The cornice may not come off cleanly and could tear the paper on the wall/ceiling. If it does come off without tearing the paper, there will probably be a fair bit of cleanup work to remove the left over cornice cement. 
The other thing you may encounter is an excessive gap between the wall and ceiling sheets which would make squareset more difficult (although not impossible). 
Having said that, I have a feeling that the shadowline stuff needs to be done from scratch anyway.

----------


## Rod Dyson

It is a tricky job and have done a few, where people have changed their mind after cornice had gone up. 
Never impossible but how difficult it would be would depend on how the sheets were hung in the first place.  
I would forget about shadow line (P50 angle), this does need to be set up right from the start.  
However square set is not out of the question. The cornice adhesive can be cleaned off with a bit of work and a sharp scraper. If the gap is more than 15mm cut strips of plasterboard and nail in place, then tape the join created on the walls and ceiling with paper tape, just the width of a 4" stripper.  
If the gap is only 15mm fill it with cornice adhesive. and scrape back when it sets. Don't leave it too long to scrape back. Then use a ps17 90 deg internal angle to create the square set. This is like an external angle but reversed to make an internal. So the metal bead covers 30mm down the wall and out from the ceiling reinforcing or covering most of the infill pieces that you would put in.
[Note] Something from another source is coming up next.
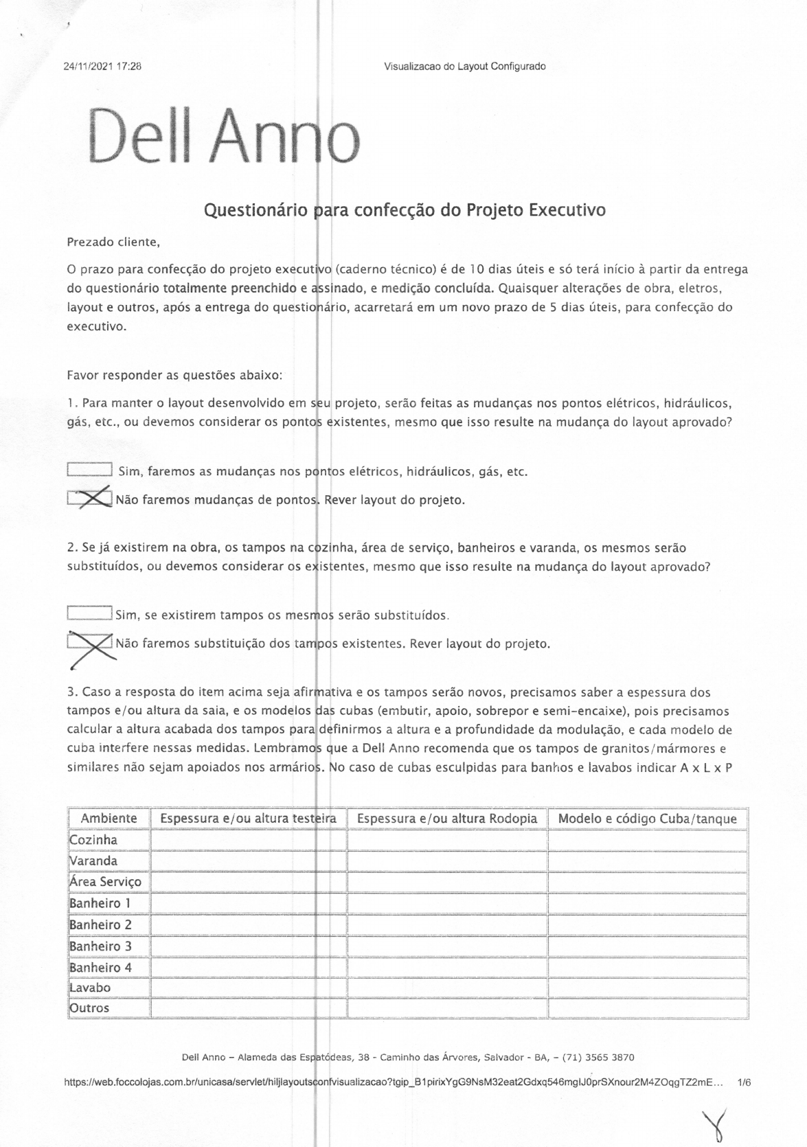 <p>24/11/2021 17:28 Visualizacao do Layout Configurado Dell Anno Questionário para confecção do Projeto Executivo Prezado cliente, prazo para confecção do projeto executivo (caderno técnico) é de 10 dias úteis e só terá início à partir da entrega do questionário totalmente preenchido e assinado, e medição concluída. Quaisquer alterações de obra, eletros, layout e outros, após a entrega do questionário, acarretará em um novo prazo de 5 dias úteis, para confecção do executivo. Favor responder as questões abaixo: 1. Para manter o layout desenvolvido em seu projeto, serão feitas as mudanças nos pontos elétricos, hidráulicos, gás, etc., ou devemos considerar os pontos existentes, mesmo que isso resulte na mudança do layout aprovado? Sim, faremos as mudanças nos pontos elétricos, hidráulicos, gás, etc. Não faremos mudanças de pontos. Rever layout do projeto. 2. Se já existirem na obra, os tampos na cozinha, área de serviço, banheiros e varanda, os mesmos serão substituídos, ou devemos considerar os existentes, mesmo que isso resulte na mudança do layout aprovado? Sim, se existirem tampos os mesmos serão substituídos. Não faremos substituição dos tampos existentes. Rever layout do projeto. 3. Caso a resposta do item acima seja afirmativa e os tampos serão novos, precisamos saber a espessura dos tampos e/ou altura da saia, e os modelos das cubas (embutir, apoio, sobrepor e semi-encaixe), pois precisamos calcular a altura acabada dos tampos para definirmos a altura e a profundidade da modulação, e cada modelo de cuba interfere nessas medidas. Lembramos que a Dell Anno recomenda que os tampos de granitos/mármores e similares não sejam apoiados nos armários. No caso de cubas esculpidas para banhos e lavabos indicar A L P Ambiente Espessura e/ou altura testeira Espessura e/ou altura Rodopia Modelo e código Cuba/tanque Cozinha Varanda Área Serviço Banheiro 1 Banheiro 2 Banheiro 3 Banheiro 4 Lavabo Outros Dell Anno Alameda das Espatódeas, 38 - Caminho das Árvores, Salvador - BA, (71) 3565 3870</p><p>24/11/2021 17:28 Visualizacao do Layout Configurado 4. Serão construídas bases de alvenaria para os armários: Sim, em quais ambientes Não 5. Haverá forros rebaixados em gesso, ou devemos considerar as medidas de pé direito na laje? Sim, faremos rebaixos com forros de gesso. Não faremos rebaixos de gesso. Considerar as medidas de pé direito na laje Os forros já estão rebaixados, considerar as medidas atuais da obra. 6. Caso a resposta do item acima seja afirmativa, favor indicar o pé direito com o rebaixo de gesso para cada ambiente, em milímetros, considerando o ambiente acabado com o piso. Cozinha P.D = Suíte Master P.D = Área de serviço P.D = Closet P.D = Varanda P.D = Dormitório 1 P.D = Despensa P.D = Dormitório 2 P.D = Banho 1 P.D = Dormitótio 3 P.D = Banho 2 P.D = Home Office P.D = Banho 3 P.D = Sala / Living P.D = Lavabo P.D = Rouparia P.D = Gabinete / Escritório P.D = Outros P.D = Outros P.D = Outros P.D = Outros P.D = Outros P.D = 7. Haverá aplicação de revestimento nas paredes, ou devemos considerar as medidas atuais? Sim, será aplicado revestimento nas paredes. Não faremos. Considerar as medidas atuais. 8. Indicar alturas de rodapés e larguras das guarnições que serão utilizadas: 9. Lavanderia: Indicar qual tipo de varal será utilizado e posicionar o mesmo no projeto executivo. Atenção: se atentar para abertura de portas de giro. Modelo varal Dell Anno - Alameda das Espatódeas, 38 Caminho das Árvores, Salvador BA, - (71) 3565 3870</p><p>24/11/2021 17:28 Visualizacao do Layout Configurado 10. Haverá iluminação nos armários: Sim, qual o tipo e modelo Não 11. Haverá iluminação de fita em LED nas prateleiras e nichos: Sim, qual o tipo e modelo Não 12. Portas divisórias de passagem, portas de correr em vidro serão sempre produzidas após piso e rebaixo estarem concluídos, sendo executada uma nova medição para este item. 13. Portas pivotantes serão produzidas após vão arrestado e da confirmação da dimensão in locco pelo nosso supervisor. Porta com fechadura? Sim, dos dois lados Não Dell Anno - Alameda das Espatódeas, 38 - Caminho das Árvores, Salvador - BA, - (71) 3565 3870</p><p>24/11/2021 17:28 Visualizacao do Layout Configurado Relação dos Equipamentos dos Ambientes Para a confecção do projeto executivo, necessitamos que seja listado abaixo TODOS os eletros e equipamentos que serão utilizados. Essa lista deve estar devidamente preenchida, caso o contrário o pedido ficara parado aguardando o envio das informações. Utilizar os campos em branco para os equipamentos que não constam na lista: PRODUTO AMBIENTE MARCA MODELO DIMENSÕES EXISTENTE Fogão piso BESSN LARG. ALT. PROF. SIM NÃO Fogão embutir Forno embutir Cooktop Coifa Depurador SUGGDR D131THP, Refrigerador Freezer Micro-ondas Micro-ondas embutir Lava louças Filtro Lixeira Triturador Misturador/torneira Adega Frigobar Cervejeira Lava roupa Secadora Home Theater Receiver DVD TV Cama Tanque Dell Anno - Alameda das Espatódeas, 38 - Caminho das Árvores, Salvador - BA, - (71) 3565 3870 4/6</p><p>24/11/2021 17:28 Visualizacao do Layout Configurado Informações importantes 1. o prazo de entrega dos produtos Dell Anno é de 55 (cinquenta e cinco) dias úteis contados a partir da assinatura da pasta executiva e após confirmação de adimplência com os pagamentos. A conferência final é realizada após assinatura do presente contrato e suas partes integrantes e após autorização do cliente. Para que seja realizada esta conferência é necessário que os espaços e componentes onde serão instalados o mobiliário estejam devidamente concluídos, tais como: piso, paredes, forros e rebaixos, janelas, pedras de mármore/granito/similares, pias, lavatórios e demais instalações. 2. Caso alguma peça do mobiliário não possa ser transportada por elevador, escadaria ou qualquer outro meio de acesso ao local de instalação, conf

In fact the wider the gap the easier it would be to cut in the strips. When you tape the join keep it narrow don't spread the plaster out form the corner wider than the 4" stripper. That will make all the following coats easier.  
Normally I don't like using this angle but for this purpose it is perfect as it will hide a lot of sins!! 
The angle can be trowelled out each side with a 4" for a first coat 6" for the 2nd and 8" for the topcoat.  
You will find this will give you a very clean finish,  
I would give the square set a go, it can be done well using the angles and is more labour intensive but a dam sight cheaper than re sheeting the walls and ceilings. If that is the look you are after.

----------


## Master Splinter

Thanks muchly - that angle sounds like it would make it a lot more robust and possibly easier than I was expecting!

----------